═══ Data for processing ═══

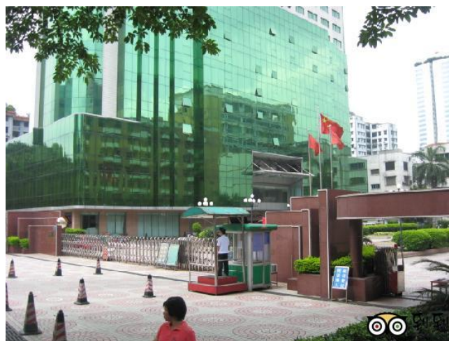
The Guangdong Party School

13 participants from various organizations from Hong Kong joining the workshop. At the meeting, the Party School proposed a study visit course on the 100 th anniversary of Xinhai Revolution for Hong Kong people. HKPAA is interested and will try to organize its members to join. After the meeting, a visit was arranged to see the Pearl River Beer plant and its museum, a very successful large State Owned Enterprise. After the dinner, the group went to see a circus show at the Changlun resort area. The show was spectacular. On the second day, a tour was arranged to the Guangzhou university town and the Guangdong Sciences Museum where an Albert Einstein exhibition was held. These visits are very educational and enjoyable.
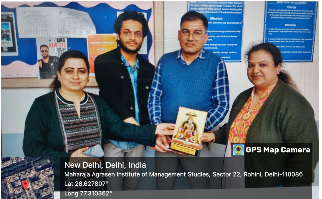
New Delhi, Delhi, India Maharaja Agrasen Institute of Management Studies, Sector 22, Rohini, Delhi-110086 Lat 28.627807° Long 77.310362°
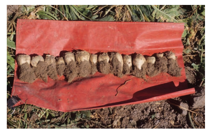
Figure 5. Bearding symptoms with very reduced taproot size, characteristic of early root infections. Source of the disease name "rhizomania" (root madness).

in soil or root debris ( Figure 7 ) as thick-walled, long-lived structures called cystosori. The presence of the vector can be readily confirmed by observing the thick-walled cystosori within roots in wet mounts under the microscope ( Figure 8 ). Under conditions of high soil moisture and warm temperatures, the cystosori liberate viruliferous zoospores that inject the virus into plants as they infect roots. Without the vector, the viral disease does not occur. Beet necrotic yellow vein virus has a restricted host range which includes members of the families Chenopodiaceae , Aizoaceae , and Amaranthaceae . The virus can also be mechanically transmitted.
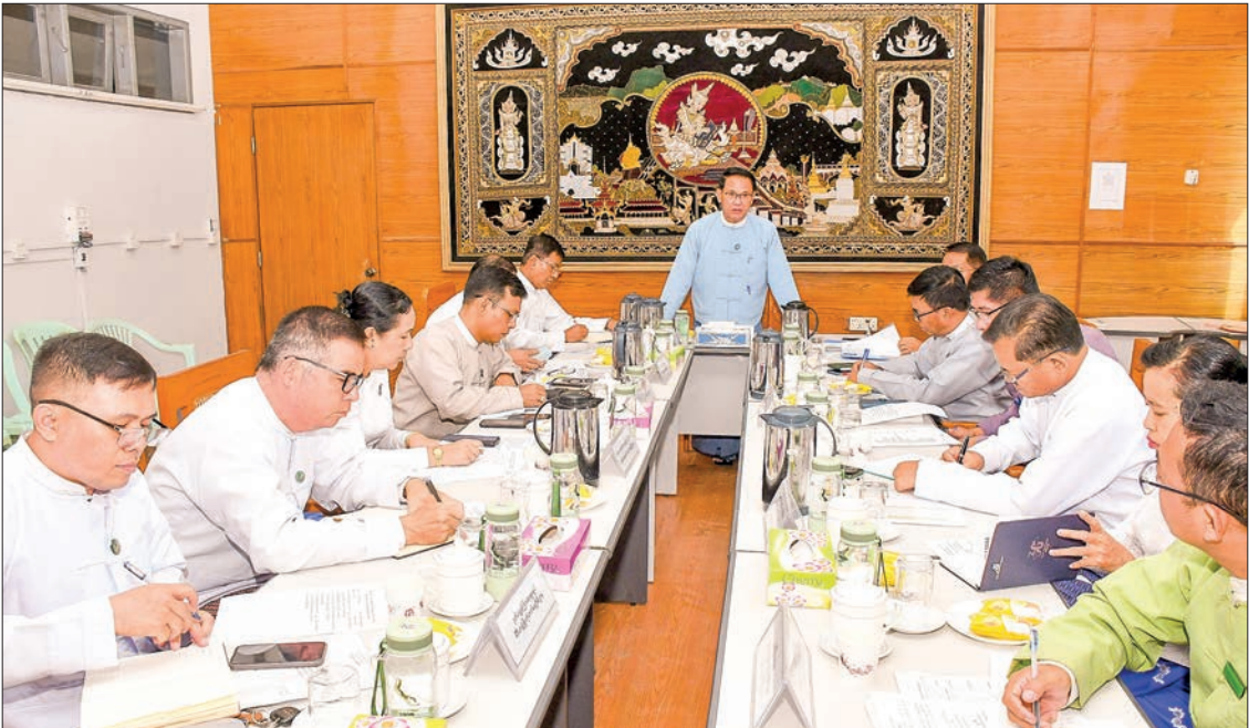
Union Minister U Maung Maung Ohn remarks at the meeting of the National Disaster Management Committee and the News and Information Work Committee in Nay Pyi Taw.

THE National Disaster Management Committee and the News and Information Work Committee meeting was held at the Ministry of Information in Nay Pyi Taw yesterday. Union Minister for Information U Maung Maung Ohn, who is also Chair of the News and Information Work Committee, said the media sector is more important during the outbreak of natural disasters than at normal times. Currently, it is crucial to eliminate fake news and misinformation through the media and to issue awareness programmes on natural disasters, damage and losses, rescue operations, rehabilitation efforts, and messages of support from international countries, promptly. It is vital for both the government and the public to have access to accurate and reliable information. The committee members also should continuously monitor the statements
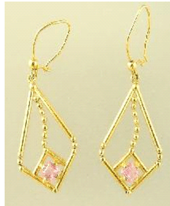
Lot # 5

5 Pair of 18k yellow gold and pink topaz earrings.
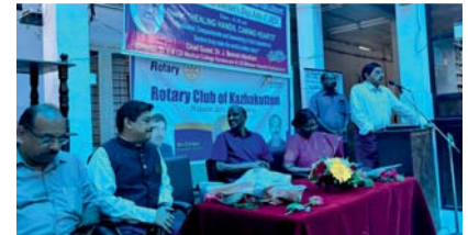
RC Kazhakuttom Doctors Day at CSI Mission Hospital
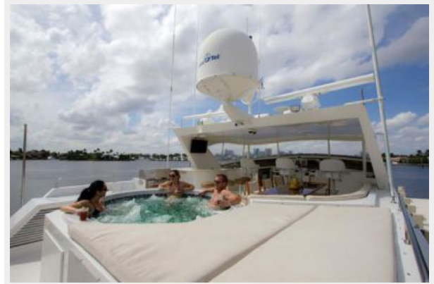
Flybridge Hot Tub and Entertainment Area
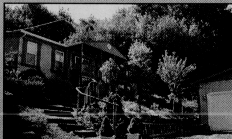
1486 Alder Street, Vernonia...$155,000

Great buy! Immaculate, upgraded 3BD/2.5BA home situated on 1/3 fenced acre! Tiled kitchen & dining rooms, covered patio, beautifully landscaped with plenty of room for the RV & more! Make an appoint to see today!
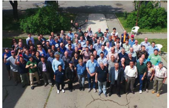
BUE III participants, a number of whom shall participate in IFE14.
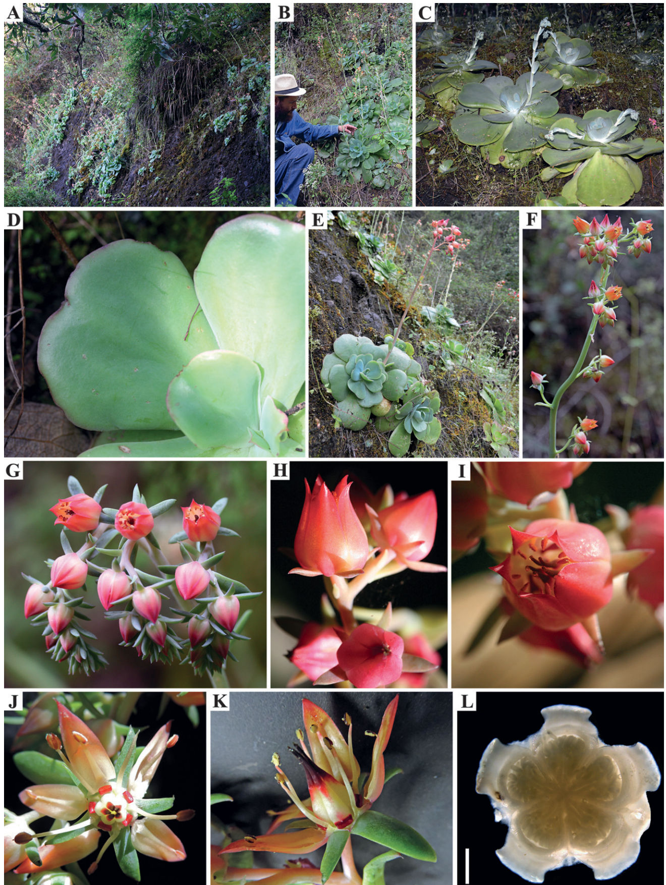
FIG. 1 Echeveria pistioides . A–B. Habitat. C. Leaf rosettes and developing inflorescences. D. Leaves. E. Habit. F–G. Inflorescence. H–I. Flower viewed from different positions. J–K. Flower opened to show stamens and nectaries. L. Cross-section through FAA fixed ovary, revealing nectaries; white color is due to pigment extraction by the ethanol. Scale bar = 1 mm.
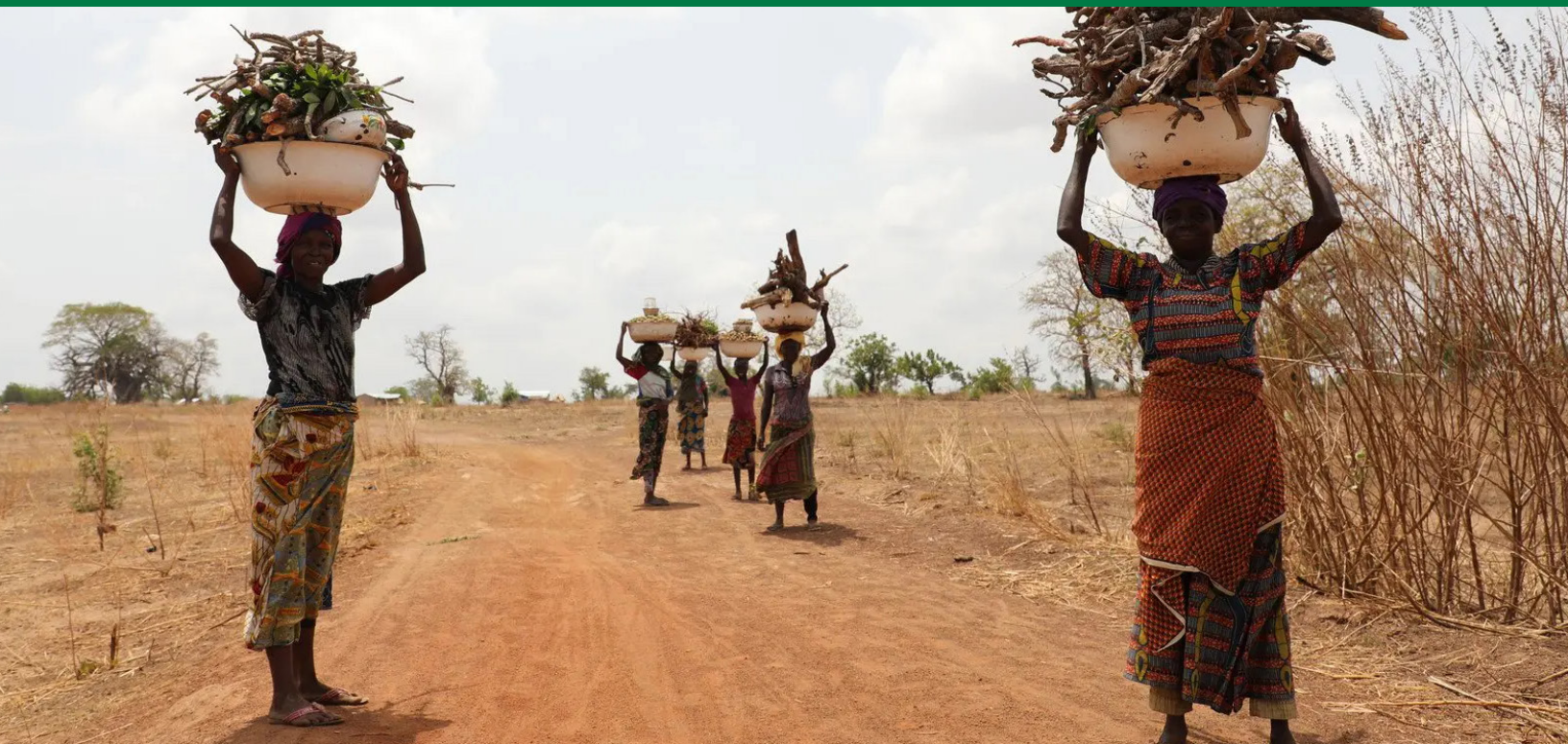
Women carry food baskets in a field in Ghana

ChildFund reached more than 6.8 million children and family members and directed more than $100 million dollars to COVID-19 relief efforts during the first year of the pandemic.
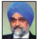
Dr. Montek Singh Ahluwalia Hon'ble Dy Chairman, NITI Ayog
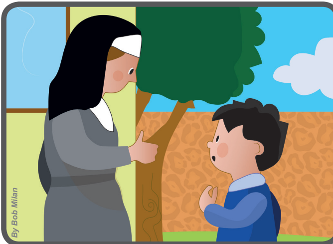
I went to my teacher, who is a Sister, and instead of reporting what they did, I told her how much it hurt me.
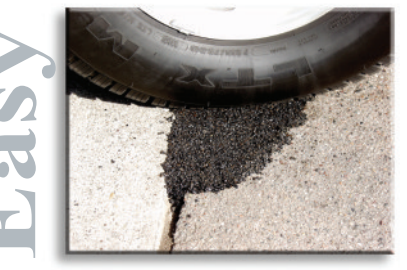
Compact or tamp into place. Open to traffic immediately. It's that simple!
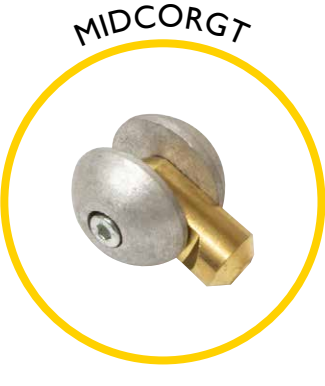
Roller guide tip
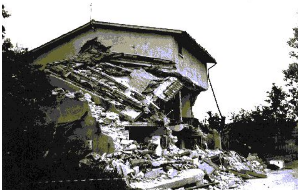
Figure 6: Damage and collapse in the west, low-lying flat part of Cesi.

The damage gradually decreased towards the eastern side of the village, built on the hilly part, where only partial collapses were noted.. The intensity for this part was I_{EMS92}=VII .
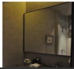
Guest rest room
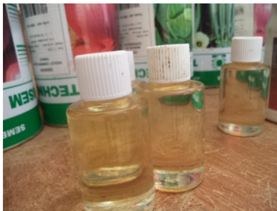
Figure 6. Insecticides sold in unlabeled containers on the Wassu Lumo

knowledge on safety precautions, the survey indicates that vendors are aware of the harmful effects of pesticides and they know the safety precautions associated to dealing with pesticides. Though, through observation they don't have any personal protective gears. Questionable, how the vendors properly mix the pesticides, how farmers apply them and protect themselves and their families during use.
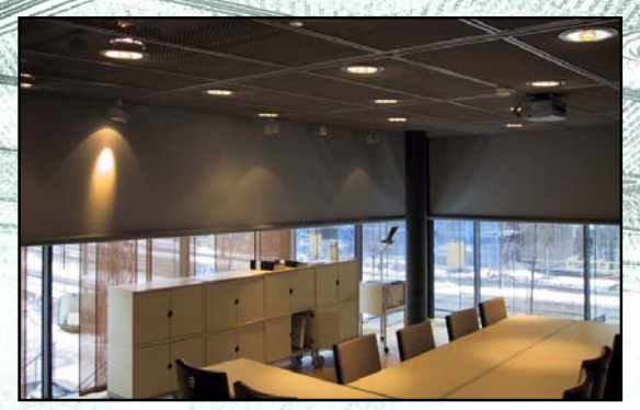
WideGlide 100 open

═══

■ How to complete this task
When you find a line in the records that contains the word "room", copy it.

■ Your response
Great buy! Immaculate, upgraded 3BD/2.5BA home situated on 1/3 fenced acre! Tiled kitchen & dining rooms, covered patio, beautifully landscaped with plenty of room for the RV & more! Make an appoint to see today!
Guest rest room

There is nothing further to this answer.